Content Description​
A one-to-two sentence summary of the programme. Include the genre, setting, and overall tone. For example: "A family drama set in rural Ireland in the 1980s. The tone is understated and melancholic."
Main Characters​
A comma-separated list of character names as they should appear in the script. The model uses these names when referring to on-screen people, improving consistency and reducing generic descriptions like "a man" or "a woman."
Additional Instructions​
Any further guidance for the LLM about tone, style, or specific requirements. For example: "Follow Netflix audio description guidelines. Describe actions neutrally without interpretation." This field can also be used to exclude certain types of content from description.
Your settings in all three context fields are saved to localStorage and pre-populated the next time you open the form.
Estimated Cost and Submission​
The estimated cost is calculated based on video duration. The minimum charge is 3 credits; above the minimum the cost is 1 credit per minute of video. The estimate is shown near the bottom of the form before you submit.
When you are ready, click Submit AD Job. A confirmation dialog displays the estimated cost; confirm to proceed.
After confirming, the application:
- Extracts audio from your video using FFmpeg
- (If using automatic transcription) Uploads the audio for transcription
- Detects scene changes
- Extracts keyframes at 1 fps and deduplicates near-identical frames
- Registers the job in Firestore and uploads all assets to cloud storage
- Hands off to the cloud pipeline, which runs the LLM and assembles the output CCPRJ file
A progress bar and status message show each step as it completes.
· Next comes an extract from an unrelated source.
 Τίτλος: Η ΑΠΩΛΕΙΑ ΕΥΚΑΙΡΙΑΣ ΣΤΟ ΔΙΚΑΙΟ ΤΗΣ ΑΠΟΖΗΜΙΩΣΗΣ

When submission finishes, the AD Import Dashboard opens automatically.
Monitoring Jobs in the AD Import Dashboard​
The AD Import Dashboard is your live view of all submitted AD jobs. It refreshes automatically every 10 seconds. Each row shows the project name, submission date, status, progress percentage, and cost.
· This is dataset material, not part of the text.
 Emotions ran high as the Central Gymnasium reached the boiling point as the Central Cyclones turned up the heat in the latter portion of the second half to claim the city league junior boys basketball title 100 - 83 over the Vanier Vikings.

You can filter jobs by date range (last 24 hours, week, month, year, or custom) and by status (All, Submitted, Processing, In Progress, Passed, Failed).
Once your job reaches 100 % / Passed, select it in the table to activate the import controls.
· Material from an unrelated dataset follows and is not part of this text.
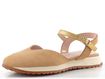 Dámské sandály značky Wonders jsou ideální volbou pro jarní a letní dny. Tyto pohodlné sandály s uzavřenou špičkou kombinují styl a komfort. Svršek z nubukové kůže a strukturovaný pásek s metalickou úpravou v béžové a zlaté barvě dodávají elegantní vzhled.

You can also access the dashboard at any time via AI Tools > AD Import.
Importing Results​
With a completed job selected, click Import to download the output CCPRJ file from cloud storage and add it to your current project. Three new Event Groups are created:
| Event Group | Contents |
|---|---|
| Dialogue | The transcribed (or provided) dialogue, timed to the original audio |
| Shot Changes | One event per detected scene transition |
| AD Script | The generated audio description events, positioned in dialogue gaps |
The project's selected Event Group is automatically updated to the last imported group (the AD Script). Review the events, make any editorial changes, and correct any errors before proceeding to rendering.
Archiving and Deleting Jobs​
To keep your dashboard tidy, select a completed job and click Archive to hide it from the default view, or Delete to remove it permanently (including source files from cloud storage). A confirmation dialog is shown before permanent deletion.
You can also export a CSV summary of all visible jobs for reporting purposes using the Export CSV button.
Rendering the AD Script​
After importing and reviewing the AD Script Event Group, assign a voice to your events using the Voice Manager (AI Tools > Voice Manager). Then select AI Tools > Render All Audio to synthesise speech for every event in the group. Rendering is processed in batches and may take a few moments depending on the total number of events.
Once rendering is complete, review the audio in the player, adjust timing or wording as needed, and use the ADR Preview panel to check the final mix against the dialogue.